事実は、あったか、なかったか、そのどちらかだ

| コメント(0)
いわゆる森友事件を巡って、森友の理事長が現職の総理大臣から、その妻を通じて100万円の寄付を受けたと証言したことについて、当該総理大臣はこれに強く反発し、「これだけ多額の寄付を私が行うことはあり得ない」と否定したそうだ。しかし事実を否定するのなら、単に「なかった」といえばすむことだ。それをわざわざ「あり得ない」というのは、聞く者の耳に異様に聞こえるのではないか。

その寄付を媒介したと名指しされた当該総理大臣の妻のほうは、そのようなことは記憶にございませんと言ったそうだ。これも自分にかかわる事実を否定したいなら、単に「なかった」といえばすむことだ。それを記憶にないというのは、そもそもなかったものだから記憶にないのか、それともあったかもしれないが記憶にないのか、どちらとも解釈のしようがない。

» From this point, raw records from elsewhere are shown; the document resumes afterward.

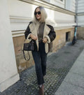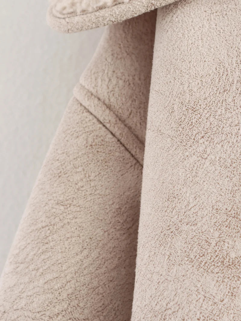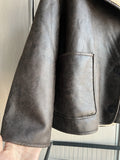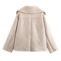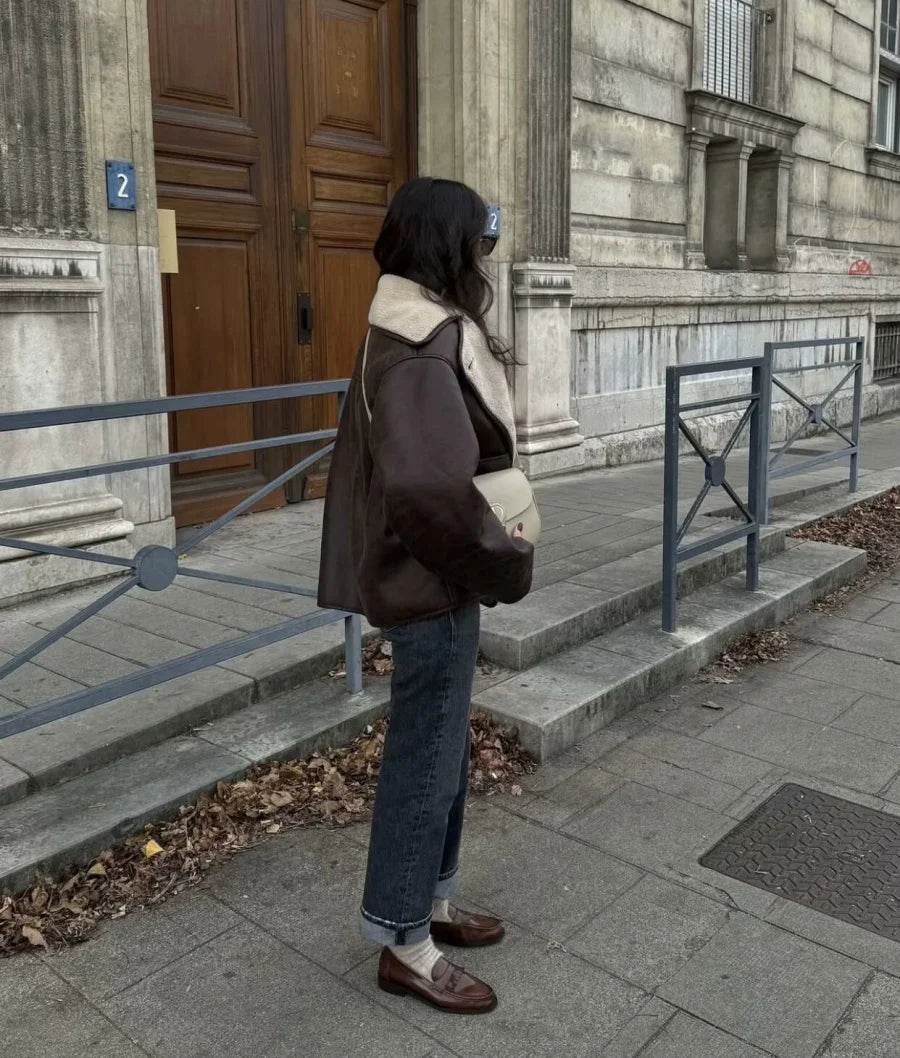 Warm faux leather jacket with double-breasted closure, turn-down collar, full sleeves, and practical pockets. Designed in a casual wide-waist fit with thick faux fur for winter warmth and style.
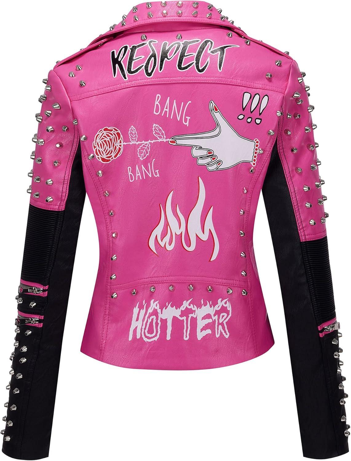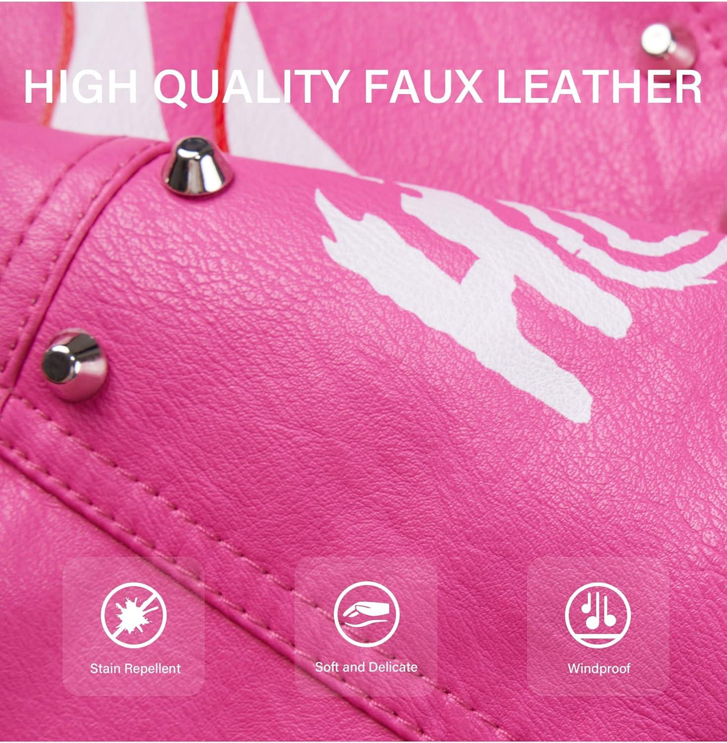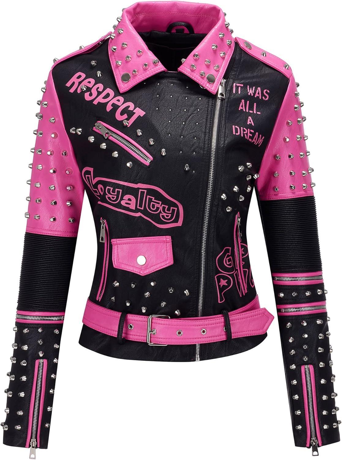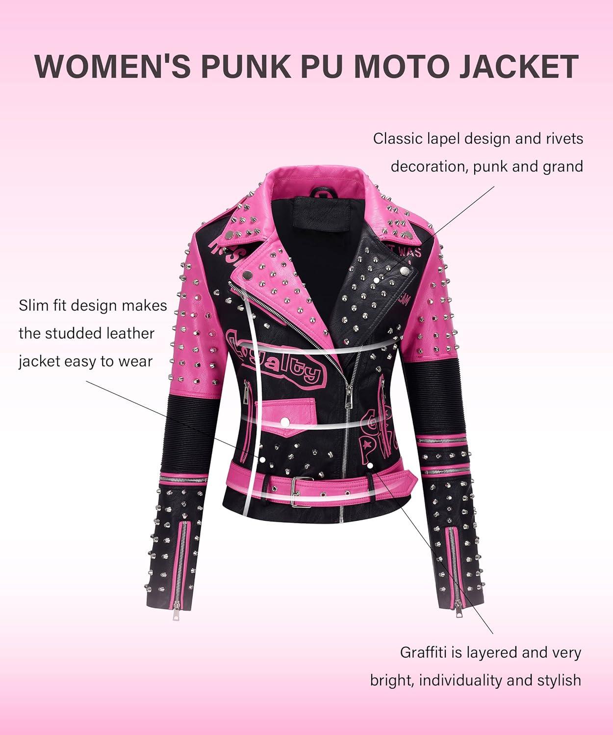 Bellivera Faux Leather Jacket for Women Studded Rivet Floral Moto Biker Short Lapel Coat(Pink Black)
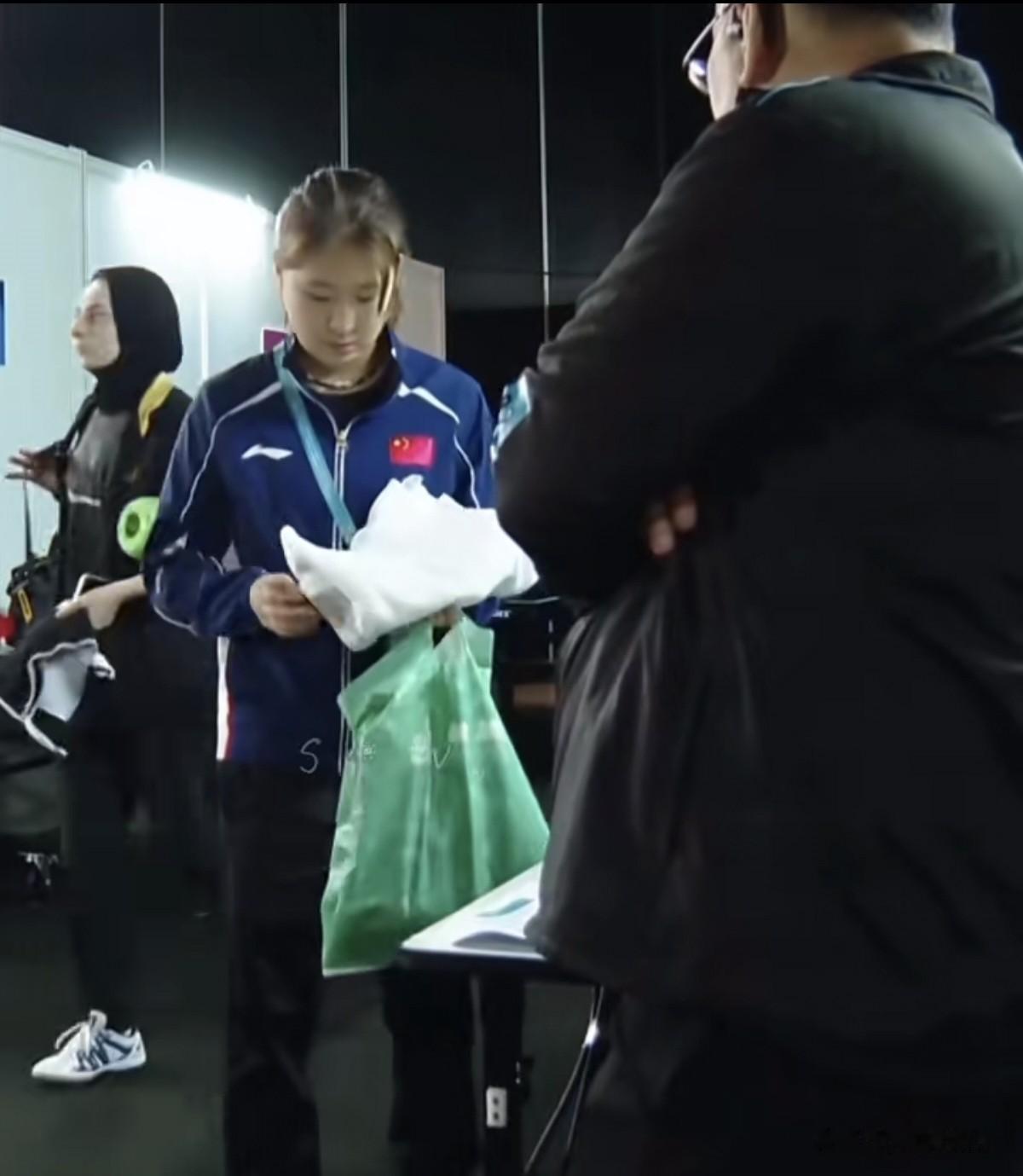 现在每次出去打比赛,有时候佳佳不跟赛,朱梓予会一直在莎莎的身边,今天球拍送检也是朱梓予拿着去的,看她小心翼翼的看护着莎莎的球拍。今天莎莎的比赛场外还是马琳,在赛前马琳也去帮莎莎挑球了,现在的比赛,马琳都会给莎莎和曼昱做场外,今天晚上王曼昱还有一场比赛,比赛加油哦!
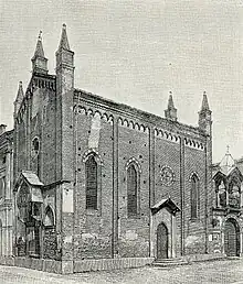 Les murs de l'église étaient en briques pleines, laissés apparentes à l'extérieur. La structure architecturale apparaît relativement simple de l'extérieur, avec une façade gothique divisée en trois bandes verticales. Un portail en ogive y donne accès. Au-dessus du porche se trouve une petite fenêtre en oculus[2]. A droite du portail se trouve l'urne funéraire du célèbre docteur Bavarino Crescenzi, mort en 1346, représenté sur une plaque de marbre rouge[3] : l'oeuvre est généralement attribuée au tailleur de pierre Rigino di Enrico[4].
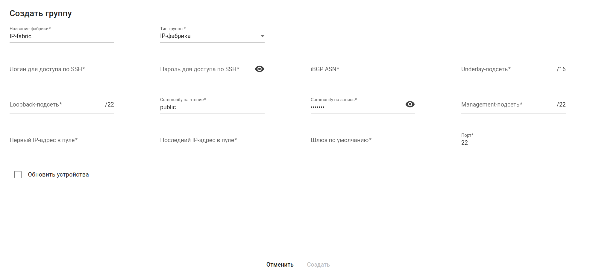 В диалоговом окне "Создать группу" выберите тип "IP-фабрика": в окне отобразятся дополнительные параметры для IP-фабрики:
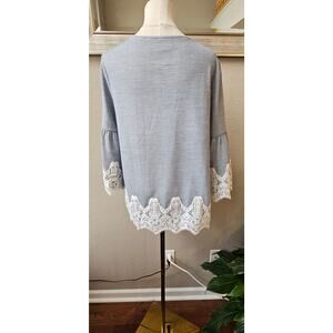 • Bon jour, lovely! Styled with French stripes and wide, 3/4-sleeves, this must-have, scoop-neck top is finished with a flourish of gorgeous lace.

聞く者がこのように感じるのは、事実というものは、たしかに記憶と係わりのある部分もあるが、基本的には、「あった」か「なかった」か、そのどちらかであるからだ。このケースの場合には、一年半前の出来事が問題となっているわけだから、またその出来事の舞台となった場は総理大臣の妻と森友の理事長との間でかなり親密なやりとりがあったと思われるところから、その場の記憶、しかもかなり重大な事実を巡る記憶が無くなったというのは、小説の世界ならともかく、現実の世界ではほとんどありえないことだろう。

それ故、あらぬ嫌疑をかけられていると思うなら、その嫌疑のもととなった事実を断固否定すべきなのである。否定するのはむつかしいことではないし、また証拠を示す必要もない。事実がなかったのに「あった」というためには、それを主張する人がその証拠を示す責任がある。だから堂々と「なかった」といえばすむのである。